Provided material: Begin
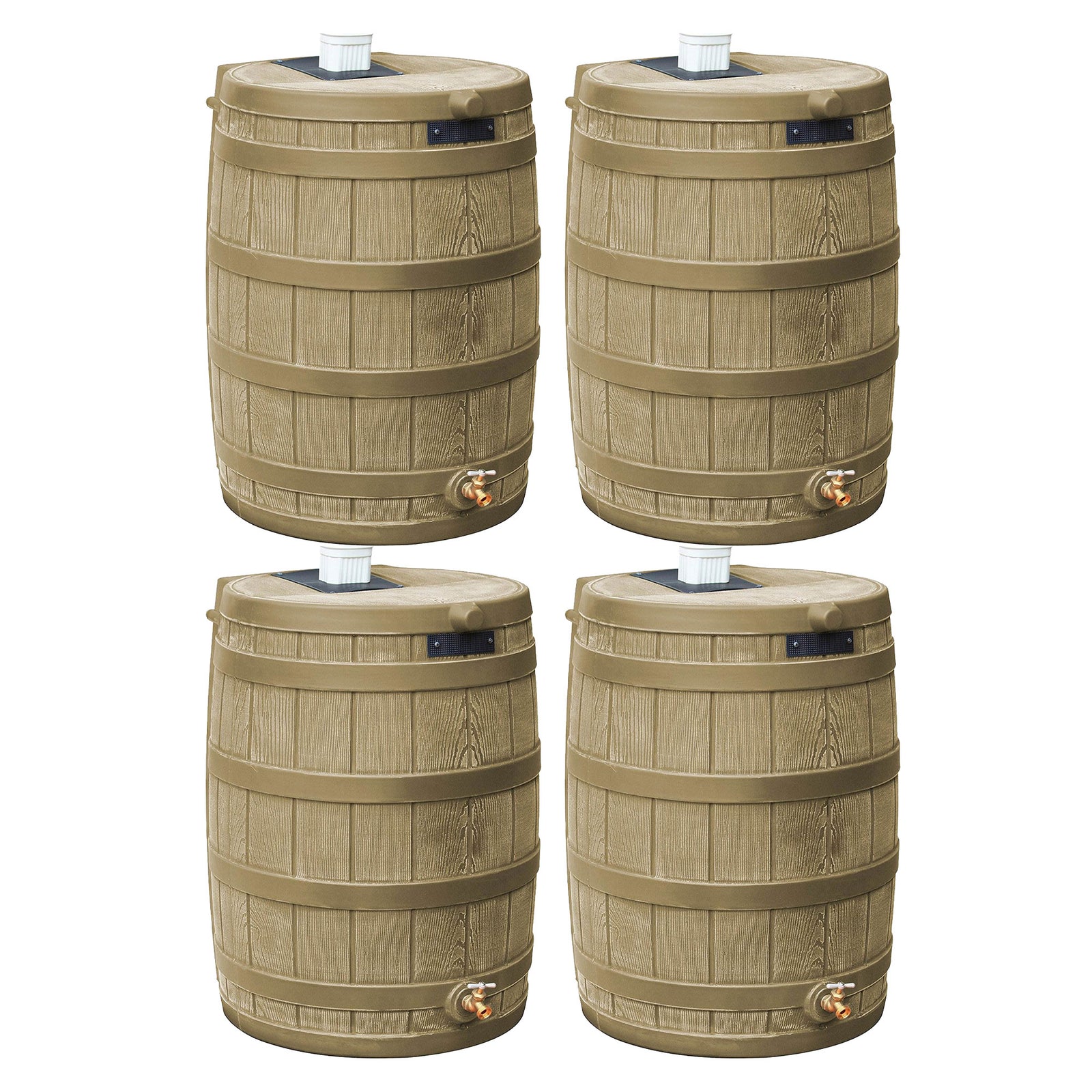 Good Ideas Rain Wizard 50 Gallon Plastic Barrel Water Collector, Khaki (4 Pack)
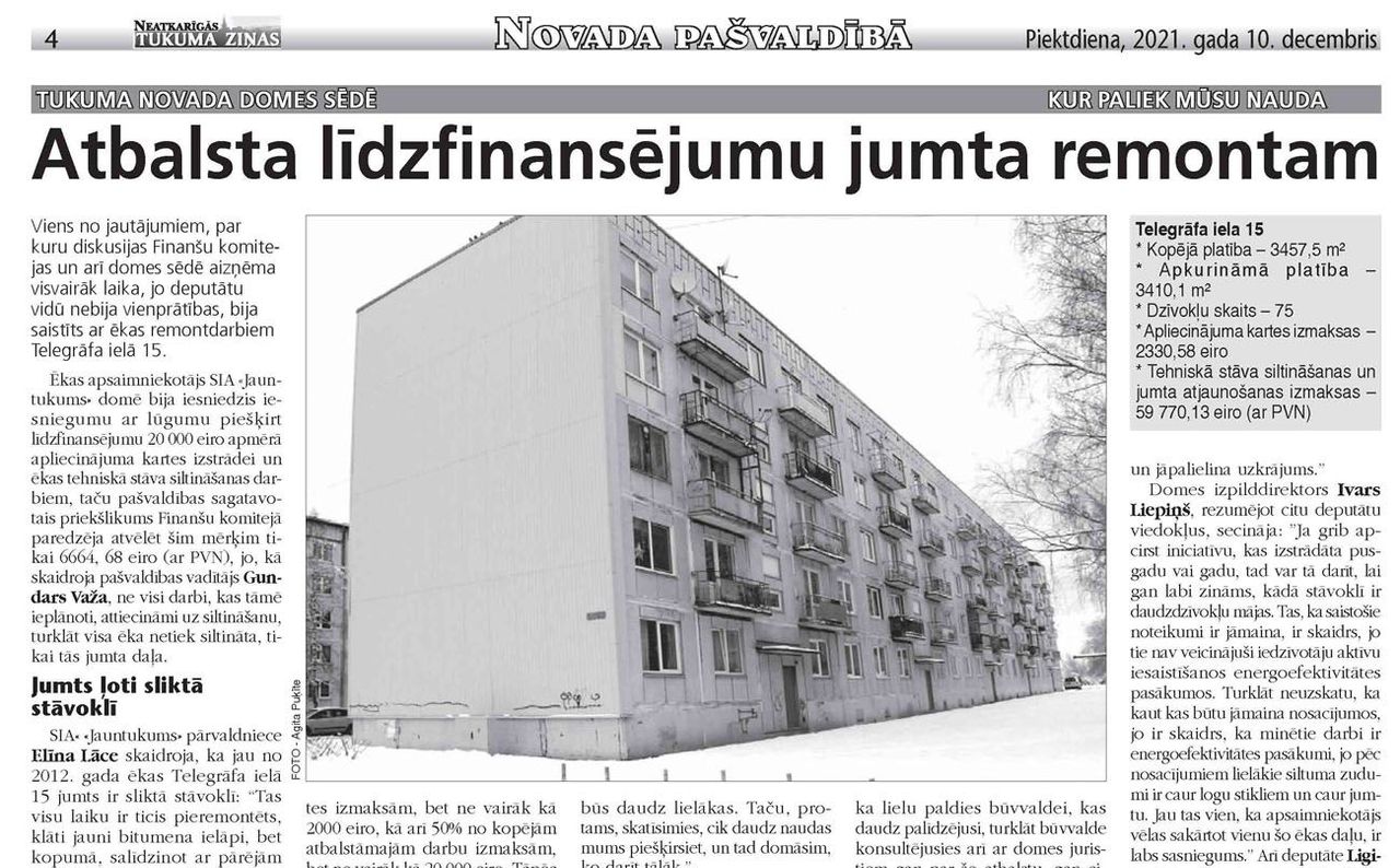 Viens no jautājumiem, diskusijas par kuru Finanšu komitejas un arī domes sēdē aizņēma visvairāk laika, jo deputātu vidū nebija vienprātības, bija saistīts ar ēkas remontdarbiem Telegrāfa ielā 15.
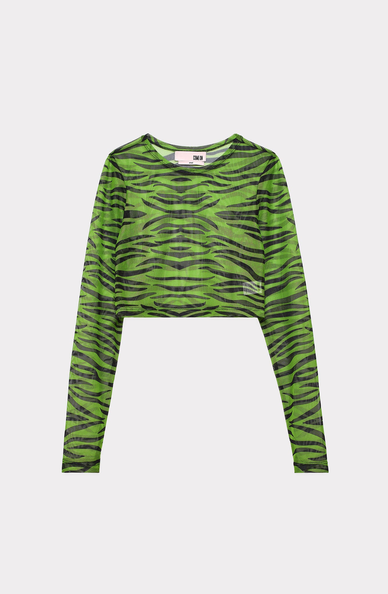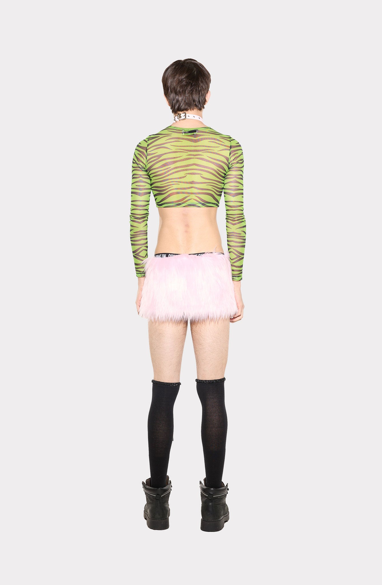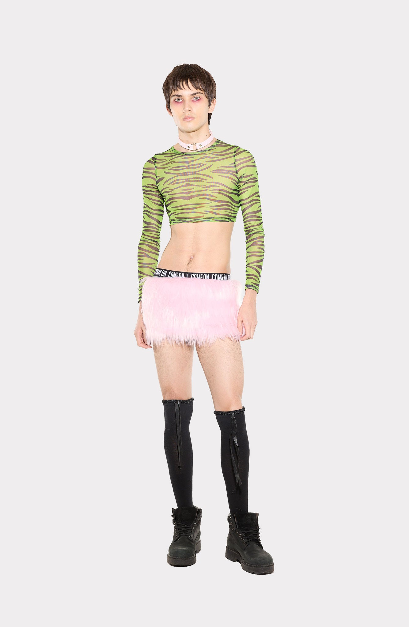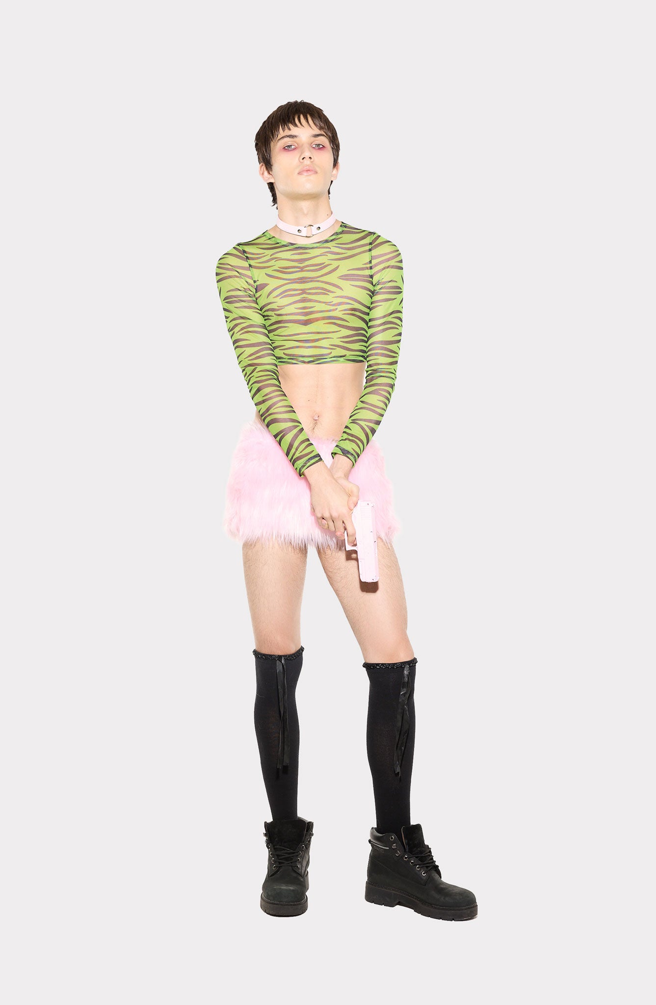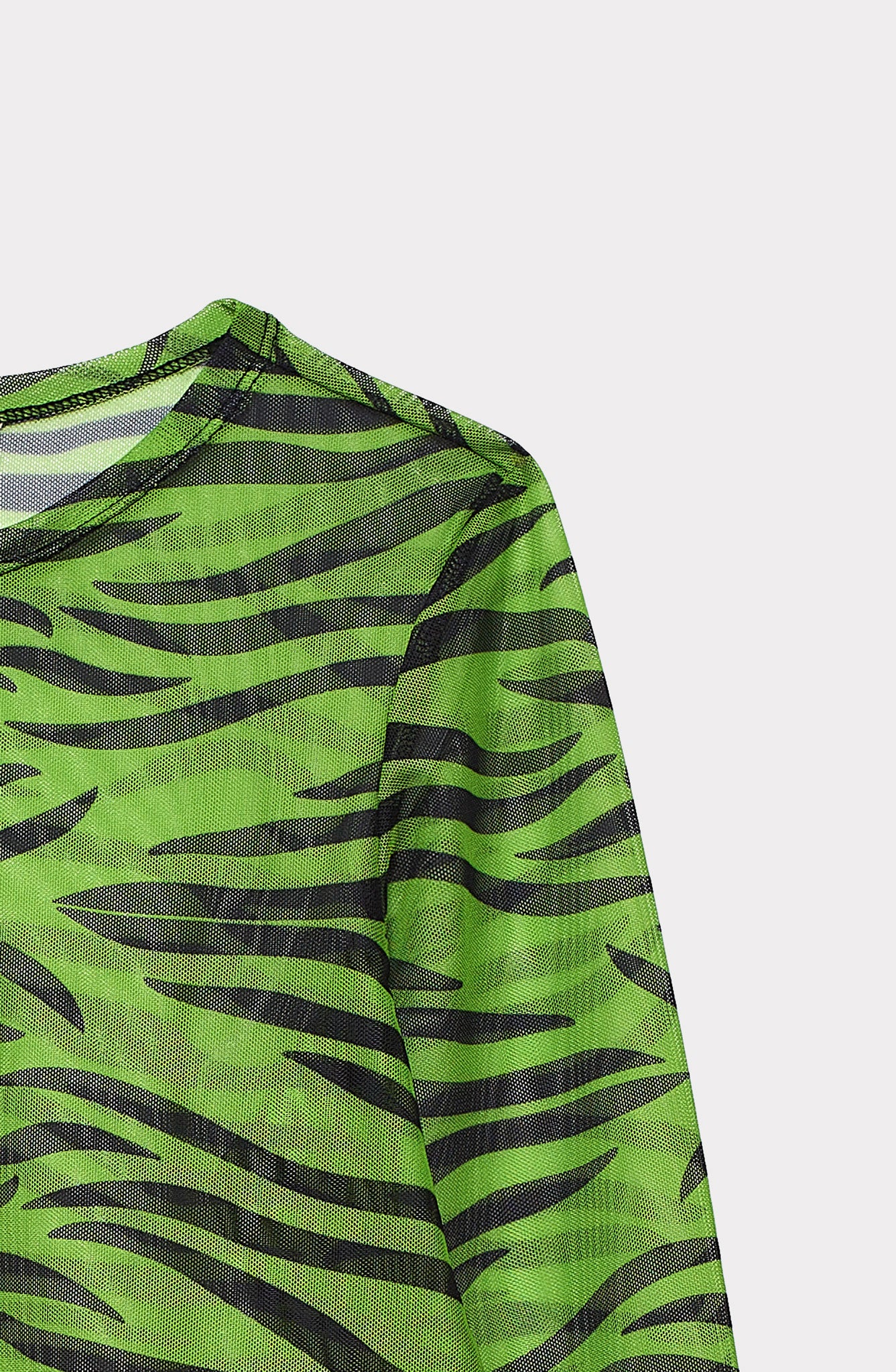 This animal print micro tulle long sleeve t-shirt, is inspired in pop and hyperpop culture. It has a vibrant green color and zebra pattern. See through and cropped, it can be matched with one of our mini skirts for a recklessly hot look.
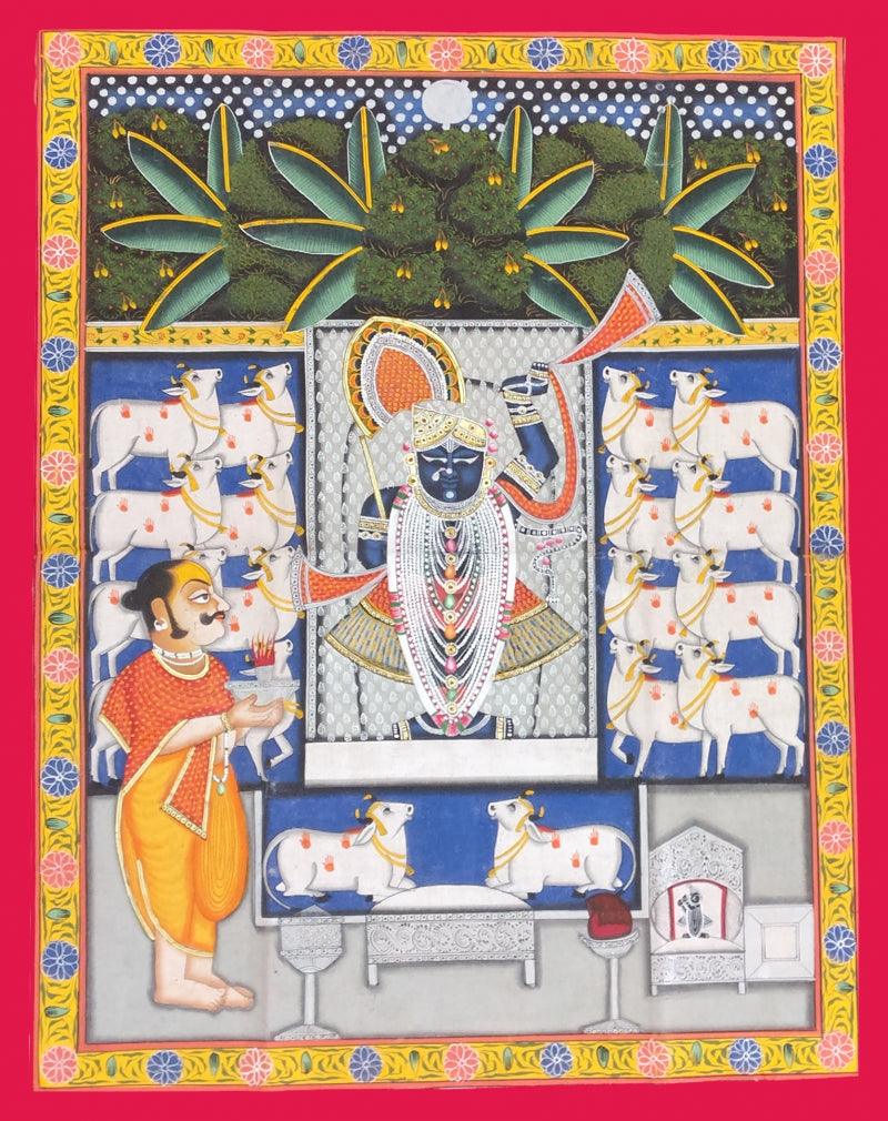 Shrinathji With Devotees And Kamdhenu Cloth Pichwai Traditional Art
Provided material: End
_Work item_
Please return the lines above exactly, with the pictures omitted.

_Answer to this exercise_
 Good Ideas Rain Wizard 50 Gallon Plastic Barrel Water Collector, Khaki (4 Pack)
 Viens no jautājumiem, diskusijas par kuru Finanšu komitejas un arī domes sēdē aizņēma visvairāk laika, jo deputātu vidū nebija vienprātības, bija saistīts ar ēkas remontdarbiem Telegrāfa ielā 15.
 This animal print micro tulle long sleeve t-shirt, is inspired in pop and hyperpop culture. It has a vibrant green color and zebra pattern. See through and cropped, it can be matched with one of our mini skirts for a recklessly hot look.
 Shrinathji With Devotees And Kamdhenu Cloth Pichwai Traditional Art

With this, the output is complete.